In multi-dimensional scaling, the goal is to make a map of the samples in a low-dimensional space (probably 2-dimensional space) so that the distances in that map match the distances between the samples as closely as possible.
## [,1] [,2] [,3]
## [1,] 0.00 1 1.41
## [2,] 1.00 0 1.00
## [3,] 1.41 1 0.00
Here D
is a distance matrix, and the \((i,j)\) element of D
tells us
the distance between sample \(i\) and
sample \(j\).
How would you position these samples in space so that the distances
between them matched the distances in D
?
In multi-dimensional scaling, we want to find an embedding of the samples into Euclidean space so that the distances between the embedded points match the distances between the samples as closely as possible.
This sounds fancy, but all it means is that we create a set of coordinates and assign each sample a value along each coordinate so that the distances between the samples match the input distances.
How does this work on our fake data?
## [,1] [,2]
## [1,] 7.071068e-01 0.2357023
## [2,] -1.110223e-16 -0.4714045
## [3,] -7.071068e-01 0.2357023
We can check that the distances match:
## The dist function computes distances (Euclidean
## by default) between the rows of a data frame
dist(mds_points)
## 1 2
## 2 1.000000
## 3 1.414214 1.000000
## [,1] [,2] [,3]
## [1,] 0.000000 1 1.414214
## [2,] 1.000000 0 1.000000
## [3,] 1.414214 1 0.000000
One solution to the multi-dimensional scaling problem is given by classical multi-dimensional scaling.
Let \(\mathbf D \in \mathbb R^{n \times n}\) be a matrix where \(\mathbf D_{ij}\) contains the square of the distance between sample \(i\) and sample \(j\).
Let \(\mathbf H \in \mathbb R^{n \times n}\) be the centering matrix, \(\mathbf H = \mathbf I - \frac{1}{n} \mathbf 1 \mathbf 1^T\).
Create the doubly-centered distance matrix \(\mathbf B = -\frac{1}{2} \mathbf H \mathbf D \mathbf H\), and let \(\mathbf U \mathbf \Lambda \mathbf U^T\) be the singular value decomposition of \(\mathbf B\).
Then the \(k\)-dimensional solution to the multi-dimensional scaling problem is obtained by taking \(\mathbf U_{(k)} \mathbf \Lambda_{(k)}^{1/2}\).
Idea behind this solution:
Suppose the distance really did come from a matrix \(\mathbf X \in \mathbb R^{n \times k}\), where we computed the Euclidean distances between the rows of \(\mathbf X\).
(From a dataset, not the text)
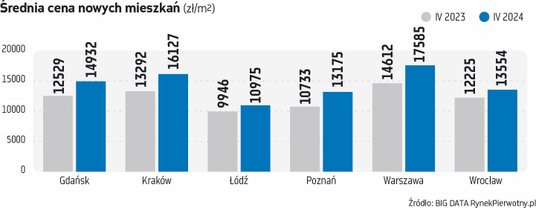 Pytanie jest tym bardziej zasadne, że, jak mówi Jędrzyński, sytuacja na rynku mieszkań „w pierwszych miesiącach tego roku powoli, ale systematycznie powraca do względnej normalności”. – Rynek pierwotny dąży do równowagi popytu i podaży – ocenia ekspert, zwracając uwagę na dane: od początku 2024 roku średni wzrost cen mkw. nowego lokum na siedmiu głównych rynkach wyniósł 3,5 proc. Najbardziej, o ok. 5–7 proc., podrożały lokale w Warszawie, Łodzi i Poznaniu, najmniej w Trójmieście i aglomeracji katowickiej (0 i 1 proc.).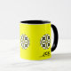 Aproveite seu café matinal em um caleidoscópio, uma caneca de presente para você e seus entes queridos. Reflexão. Harmonia e equilíbrio com um toque de amarelo.

For definiteness, assume that the columns of \(\mathbf X\) are centered.
Then it turns out (linear algebra exercise: verify this) that \((\mathbf H \mathbf X) (\mathbf H \mathbf X)^T = \mathbf B\).
The top \(k\) left singular vectors of \(\mathbf X\) (which is the same as \(\mathbf H \mathbf X\) because \(\mathbf X\) already has centered columns) will therefore give the optimal representation of the true embedded points that we got the distances from.
The singular vectors of \(\mathbf H \mathbf X\) are the same as the singular vectors of \(\mathbf B\), so if we start off with \(\mathbf B\) instead of \(\mathbf X\), we can still get the optimal low-dimensional embedding by taking the top singular vectors of \(\mathbf B\).
Just as in PCA and with the SVD, we have a measure of the quality of the approximation.
In classical multi-dimensional scaling, these are given by the eigenvalues of \(\mathbf B\), and plotting the eigenvalues tells us how how much of the “variance” is explained by the multi-dimensional scaling axes.
If we can represent the distances perfectly with an embedding into \(k\)-dimensional space, the top \(k\) eigenvalues will be non-zero and the remainder will be zero.
We can check this on our fake data, where we constructed the distances so that they could be exactly represented in two-dimensional space.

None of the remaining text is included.